What is expected:
Skip the pictures. Transcribe exactly the lines from the line containing "문자 한 통이 도착했다." to the end of the listing.

Supplied data:
########
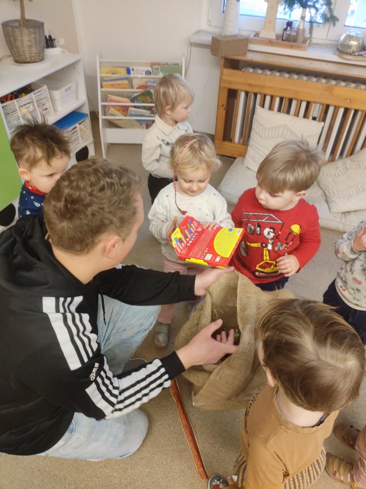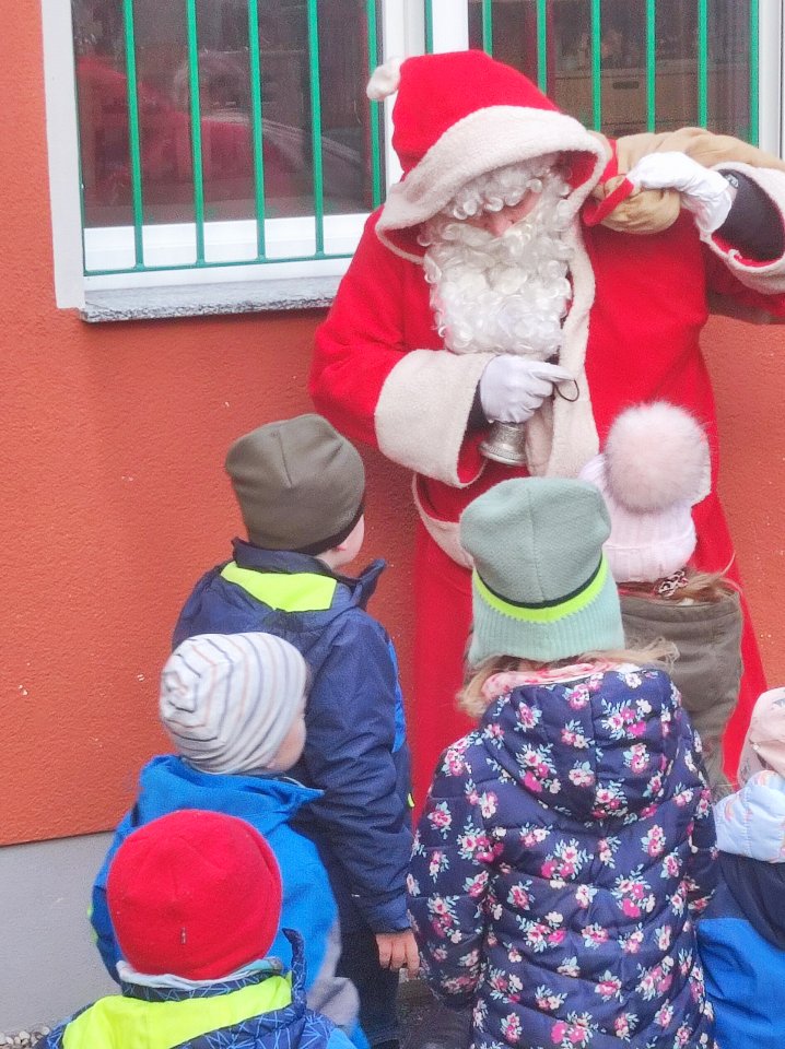 „Vorfreude, schönste Freude. Freude im Advent.“ – So heißt es schon in einem altbekannten Weihnachtslied. Denn die Kinder lieben die Zeit, in der sie Adventstürchen öffnen dürfen und in gespannter Erwartung auf den Weihnachtsmann sind. Neben dem Adventskalender haben wir auch in diesem Jahr einen Adventskranz. Auf diesem befinden sich vier Kerzen und viele tolle Dinge aus Naturmaterialien, welche unsere Kinder im Wald gefunden haben. Mit Spannung verfolgen die Kinder auch das heilige Abenteuer von Maria und Josef in der Adventszeit. Heute wurde mit Spannung der Weihnachtsmann erwartet. Als er nun in diesem Jahr die Kinder im Garten mit einem großen Sack überraschte war die Freude groß. Viele Fragen wurden von den Kindern an den Weihnachtsmann gerichtet, aber auch mit Liedern und Gedichten wurde er überrascht. Nachdem der Weihnachtsmann weiter zu den anderen Kindern gefahren ist, durften die Kinder in Ihre Gruppenräume um die Geschenke auszupacken. Die leuchtenden Kinderaugen waren das schönste Geschenk für die Erzieherin. Allerlei Pfefferkuchen, Stollen und Kinderpunsch rundeten den Vormittag ab.
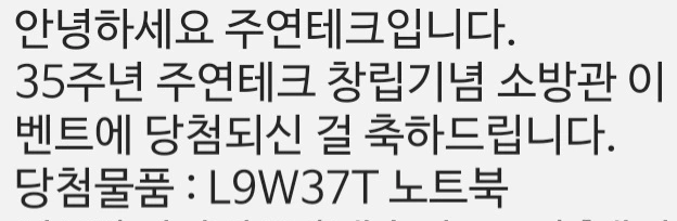 문자 한 통이 도착했다. '안녕하세요. 주연테크 입니...'까지만 보였다. 심장이 두근 거린다.
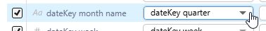 Certain time intelligence columns are not sorted by themselves. Columns like Full Quarter, Full Month Name, and Full Week are sorted by numeric columns that contain the start dates for the period and Columns like Month Name and Weekday Name are sorted by number columns:
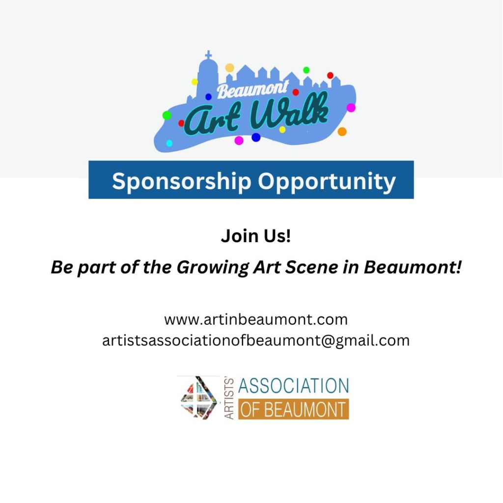 We are also always appreciative of sponsors! If you are a business or individual who would like to support this amazing community event, email AAB and request a sponsorship package. If you would like more information about the Beaumont Art Walk, you can check out our website artinbeaumont.com or our Facebook or Instagram accounts Artists’ Association of Beaumont and contact us if you have any questions!
########
Expected output:
 문자 한 통이 도착했다. '안녕하세요. 주연테크 입니...'까지만 보였다. 심장이 두근 거린다.
 Certain time intelligence columns are not sorted by themselves. Columns like Full Quarter, Full Month Name, and Full Week are sorted by numeric columns that contain the start dates for the period and Columns like Month Name and Weekday Name are sorted by number columns:
 We are also always appreciative of sponsors! If you are a business or individual who would like to support this amazing community event, email AAB and request a sponsorship package. If you would like more information about the Beaumont Art Walk, you can check out our website artinbeaumont.com or our Facebook or Instagram accounts Artists’ Association of Beaumont and contact us if you have any questions!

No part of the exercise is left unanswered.